I Cut My AI API Bill by 87% Last Month — Here's the Real Pricing Breakdown

Last April I shipped a chatbot to a client, burned through $214 on a single endpoint by week two, and nearly killed the project's margin. That's the night I went down a rabbit hole comparing every model I could get my hands on through Global API. This post is essentially the spreadsheet I built — the one I wish someone had handed me before that invoice arrived.

I'm a freelance dev. Every dollar I spend on infrastructure comes out of billable hours, and my clients absolutely do not care whether I picked the flagship model or the cheap one. They care that the thing works and the invoice at the end of the month doesn't make them wince. So I live by a simple rule: every dollar has ROI.
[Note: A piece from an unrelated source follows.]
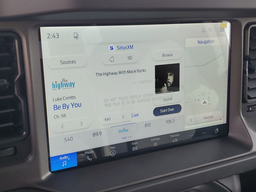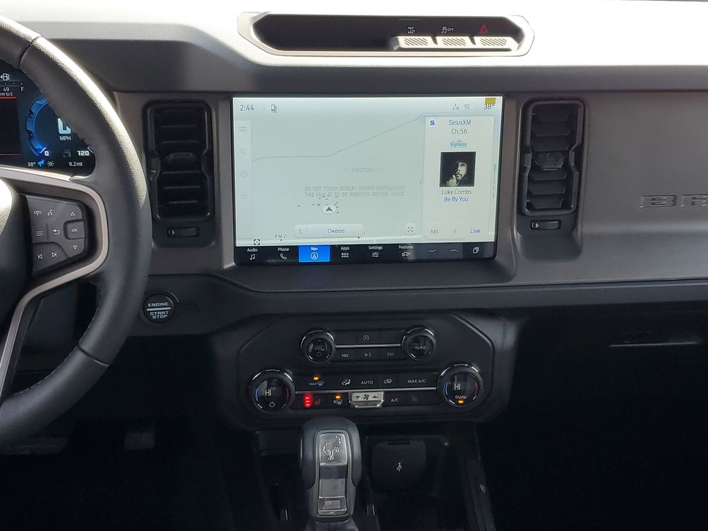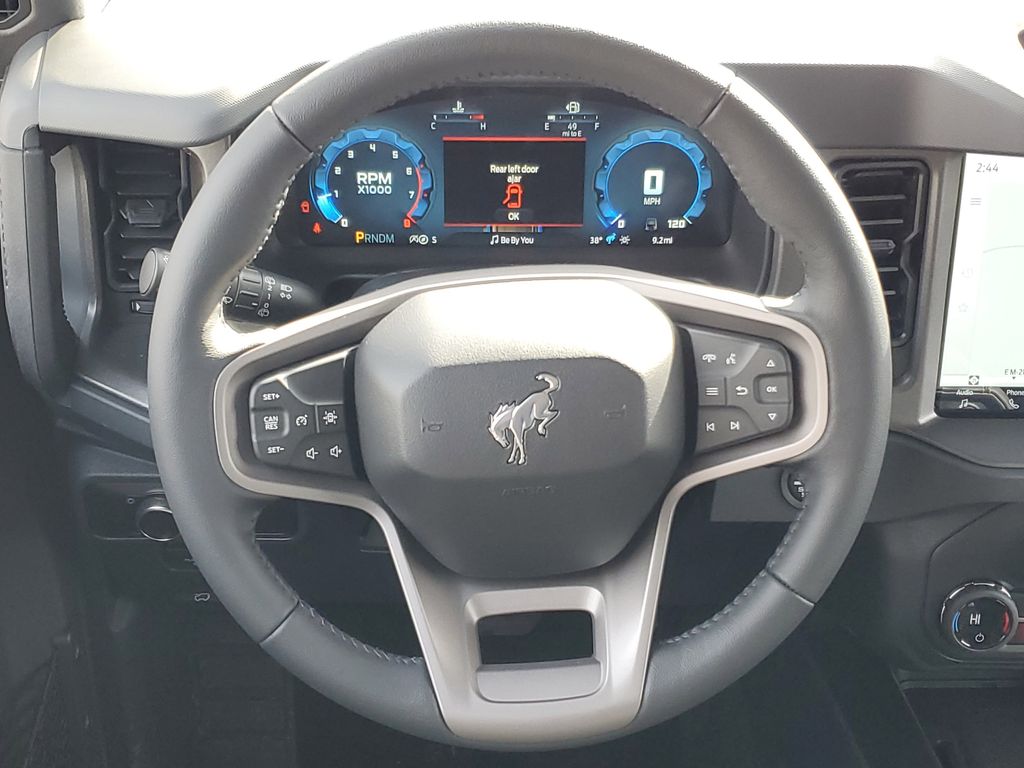 This Vehicles features Black Appearance Package (Black Molded-in-Color Door Handles, Black Molded-in-Color Fender Flares, Black Molded-in-Color Sideview Mirror Caps, and Black-Painted Molded-in-Color Grille), Equipment Group 222A Mid Package (2-Door Intelligent Access with Lock/Unlock, AM/FM Stereo, Ambient Footwell Lighting, Cloth Bucket Seats, Connected Navigation, Driver and Front Passenger Illuminated Sliding Visor Vanity Mirrors, Dual Smart Charging USB Ports, Dual-Zone Electronic Automatic Temperature Control, Front Row Heated Seats, Pro Power Onboard - 400W, Rear Parking Sensors, SiriusXM with 360L, SYNC 4, and Wheels: 17" Carbonized Gray-Painted Aluminum), Ford Connectivity Package (1-Year Included), 4-Wheel Disc Brakes, 4.46 Axle Ratio, 7 Speakers, ABS brakes, Air Conditioning, Alloy wheels, AM/FM radio: SiriusXM with 360L, Auto High-Beam Headlamps, Auto High-beam Headlights, BLIS Blind Spot Information System, Brake assist, Compass, Delay-off headlights, Driver door bin, Driver vanity mirror, Dual front impact airbags, Dual front side impact airbags, Electronic Stability Control, Emergency communication system: 911 Assist, Exterior Parking Camera Rear, Front anti-roll bar, Front Bucket Seats, Front Center Armrest, Front reading lights, Front wheel independent suspension, Fully automatic headlights, Hard Top Sound Deadening Headliner, Heated door mirrors, Illuminated entry, Integrated roll-over protection, Lane-Keeping System, Low tire pressure warning, Occupant sensing airbag, Outside temperature display, Overhead airbag, Overhead console, Panic alarm, Passenger door bin, Passenger vanity mirror, Power door mirrors, Power steering, Power windows, Pre-Collision Assist with Automatic Emergency Braking, Radio data system, Rear-View Camera, Rear-Window Defroster and Washer, Remote keyless entry, Security system, Shadow Black Painted Hard Top, Speed control, Split folding rear seat, Steering wheel mounted audio controls, Tachometer, Telescoping steering wheel, Tilt steering wheel, Traction control, Trip computer, and Variably intermittent wipers. Ready for delivery today!

I pulled pricing straight from the Global API pricing endpoint on May 20, 2026, and ranked every model I could find by output cost. What I'm sharing below is real numbers, no marketing fluff, no "contact us for pricing." Just what you'd see if you logged in.


The Quick-and-Dirty Tier System I Use

Before I get into the full breakdown, here's how I bucket models in my head when I'm scoping a project:

Tier Output $ / M tokens When I actually reach for it Models in this tier
🟢 Ultra-Budget $0.01 – $0.10 Throwaway scripts, log classification, anywhere I'd otherwise write a regex Qwen3-8B, GLM-4-9B, Hunyuan-Lite
🟡 Budget $0.10 – $0.30 Default for prototypes, MVPs, side-hustle projects DeepSeek V4 Flash, Qwen3-32B, Step-3.5-Flash
🟠 Mid-Range $0.30 – $0.80 Production client work where I need reliability Hunyuan-Turbo, GLM-4.6, Doubao-Seed-Lite
🔴 Premium $0.80 – $2.00 Complex reasoning, multi-step agent chains DeepSeek V4 Pro, MiniMax M2.5, GLM-5
🟣 Flagship $2.00 – $3.50 Only when the client is paying for it, or the problem genuinely demands it DeepSeek-R1, Kimi K2.6, Qwen3.5-397B

The biggest thing I learned: just because a model is cheap doesn't mean it's bad. The $0.01–$0.10 tier is shockingly capable for anything structured — classification, extraction, formatting, basic chat. I run a Jira-ticket-to-summary pipeline on Qwen3-8B that I initially built on GPT-4o, and the quality difference was honestly not worth the 80× cost delta.


The Full Ranking (Top 30, Output Cost Ascending)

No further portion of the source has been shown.